The collective atmosphere in the Common quickly changes once a buzzing blares throughout the room. I hear the clanking of metal on metal, and notice that greedy hands are snatching the hoses that snake down from the Food Pipes. It must be din
nertime. They bring the hoses up to their faces, and clamp down tightly to release a stream of gelatinous goo into their open mouths. Even though I'm constantly, ravenously hungry, I'm not hungry enough for that just yet.
Pockets begin to form within the crowd, much of the population moving towards the Pipes, packing tightly around them. I take the opportunity to get some space of my own, and take a seat in one of the open areas.
“1822,” says a voice from behind me. My hand instinctively grips my metal collar as I turn around, expecting to see an officer with his finger poised over the shock button of his remote. Maybe to punish me for not clawing desperately at the Meat Pipe hoses like everyone else. For not playing the Hunger-crazed monster he expects me to be.
But there is no officer. Only another Hybrid, sitting calmly with his arms crossed, a contemplative look on his face. “You new?”
“Yes,” I answer, the act of conversing with another Hybrid feeling very strange. I hadn't done that since speaking with Mr. Jensen this afternoon, and that was before I found out he wasn't human.
“Why aren't you eating, 1822?” he asks.
This one isn't of the average Hybrid Reanimate intelligence.
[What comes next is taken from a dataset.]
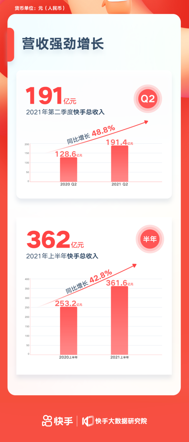 8月25日,快手发布了Q2财报,二季度营收191.38亿元,同比增长48.8%。经过收入结构的不断优化后,线上营销服务占比52.1%,直播收入占比37.6%,其他服务(包括电商)收入占比10.3%,日活用户日均使用时长同比增长25.2%。

I look back at the Meat Pipes, the Hybrids clambering for the hoses. Mush overflowing out of their mouth, running down their chins and staining their clothes. I see one scooping up some from a puddle on the ground, shoving it into his bloated cheeks. My nose catches the scent of the “food”, and I try to identify exactly what it is. I can't. All I know is that it's meat, as the name of the Pipes suggests. A small echo of my Prisoner's hungry cries resound from within, but it isn't strong enough to overcome my reservations. “I can wait.”